Não o fez. Compreendia. Voltara a sentir o seu cansaço. O sono. O frio. Anuiu.
“Posso acompanhar-te até tua casa”, disse.
“Esse caminho apenas eu o posso fazer. Não te preocupes. Ver-nos-emos em breve”, sorriu.
Miguel sabia que o que ela dizia era verdade. Sabia que esta história não ia terminar desta forma.
Despediram-se. Miguel dirigiu-se para casa. Mas, enquanto procurava as suas chaves, voltou para trás para a chamar.

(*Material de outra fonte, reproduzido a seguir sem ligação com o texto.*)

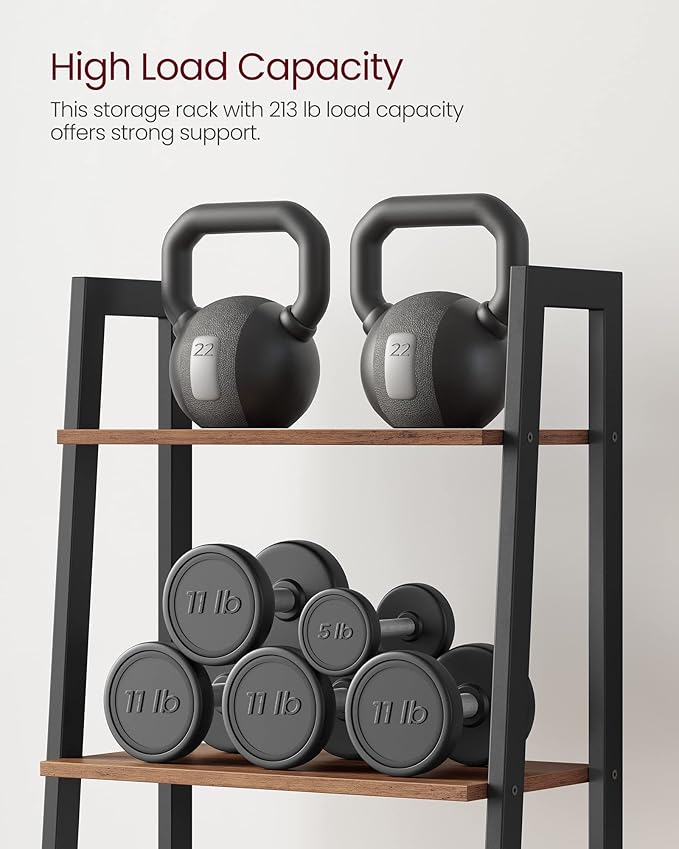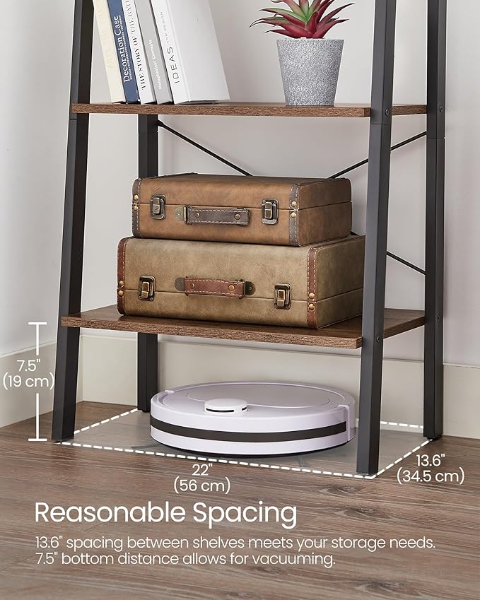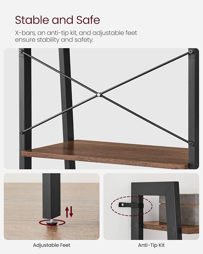 VASAGLE Ladder Shelf, 4-Tier Bookshelf, Storage Rack, Bookcase with Steel Frame, for Living Room, Home Office, Kitchen, Bedroom, Industrial Style, Hazelnut Brown and Ink Black ULLS044B03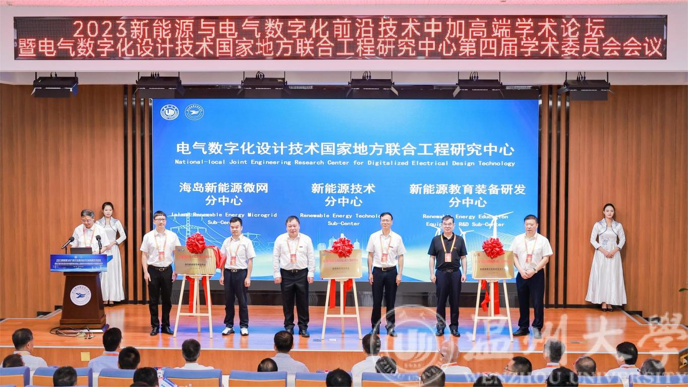 会议上宣布了电气数字化设计技术国家地方联合工程研究中心第四届学术委员会名单,还为电气数字化设计技术国家地方联合工程研究中心和落户在安防区块链游戏 的新能源技术分中心、落户在国网平阳中心的海岛新能源微网分中心、落户在亚龙智能装备集团股份有限公司的新能源教育装备研发分中心等三个分中心揭牌。当天,由安防区块链游戏 、区块链游戏 联合新能源龙头企业创设的新能源行业产教融合共同体举行了启动仪式。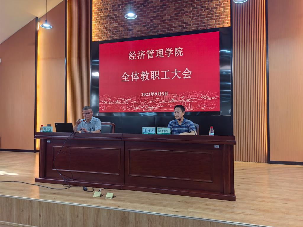 学院召开全体教职工大会 9月3日下午,学院在衣锦农林大讲堂召开新学期全体教职工大会。学院领导班子成员及全体教职工参加会议。大会由党委书记陈劲松主持。院长吴伟光通报了学院工作进展,并对下半年的重点工作进行了部署。他指出,经管学院要把握自身所处的方位,找准努力的方向,充分发挥学院在农林大学人文社科学院中的引领作用,以构建高水平人才培养体系为导向,认真贯彻落实学校的工作部署,发挥学院的学科特色优势,扎实推进学院人才引培、组织...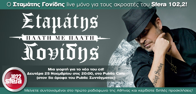 Τη Δευτέρα 25 Νοεμβρίου, στις 8 το βράδυ, στο Public Συντάγματος οι ακροατές του πρώτου ραδιοφώνου της Αθήνας, φίλοι και συνεργάτες του Σταμάτη Γονίδη θα γιορτάσουν μαζί του την κυκλοφορία του νέου του cd με τίτλο «Πλάτη με Πλάτη».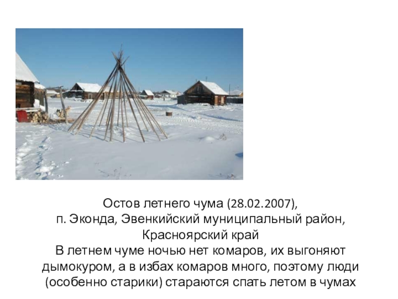 В летнем чуме ночью нет комаров, их выгоняют дымокуром, а в избах комаров много, поэтому люди (особенно старики) стараются спать летом в чумах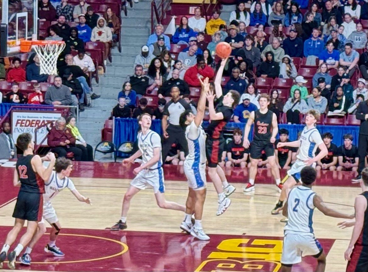 It was a battle of powerhouses in Section 4A at “The Barn” (Williams Arena) on the University of Minnesota campus, with the #2-ranked Wayzata Trojans facing off against the #3-ranked Shakopee Sabers on Thursday night during the Minnesota State High School League Boys’ Basketball State Tournament. This was a rematch of a regular season game in which the Trojans handily embarrassed the Sabers by a whopping 27 points back in December.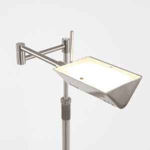 La lampe de sol moderne en acier de Mexlite allie un design épuré à une utilisation fonctionnelle. La lampe de lecture réglable est fabriquée en acier brossé et possède un bras articulé flexible, ce qui vous permet de diriger la lumière exactement là où c’est nécessaire. Le module LED de 10 watts intégré offre une couleur lumineuse chaude de 2700 Kelvin et un rendement lumineux de 900 lumens. Avec le variateur à impulsion sans paliers, vous pouvez facilement régler l’intensité lumineuse, parfait pour différentes ambiances. La hauteur est ajustable de 114 cm à 145 cm et la lampe est livrée avec un cordon de 172 cm. Idéale pour la salle à manger, le salon ou comme ajout élégant à votre bureau (à domicile).

“Não me disseste o teu nome.”
“Sara.
Da próxima vez não te esqueças de trazer o teu casaco, Miguel. O
cavalheirismo demanda que o ofereças a uma senhora a morrer de frio numa
manhã como estas.”
Ambos se riram com aquela despedida. Miguel não questionou o facto dela saber o seu nome. No fundo ele sempre soubera o dela.
Sara,
ecoava na sua mente, como uma boa memória há muito guardada no seu
coração, como uma recordação de um futuro ainda por viver que,
finamente, ressurgia após um longo período de escuridão.
Miguel
estava finalmente em casa. É mais escuro antes do amanhecer. A hora
azul. A hora mais fria da noite. O prólogo mais quente de uma história
que é sua. De uma história que ele não podia imaginar. De uma manhã
mágica que o despertou para o caminho que tinha agora que seguir.
“Sara, nome tão simples, mas tão belo. Estou em casa, mas, hoje, estou tão perto de ti.”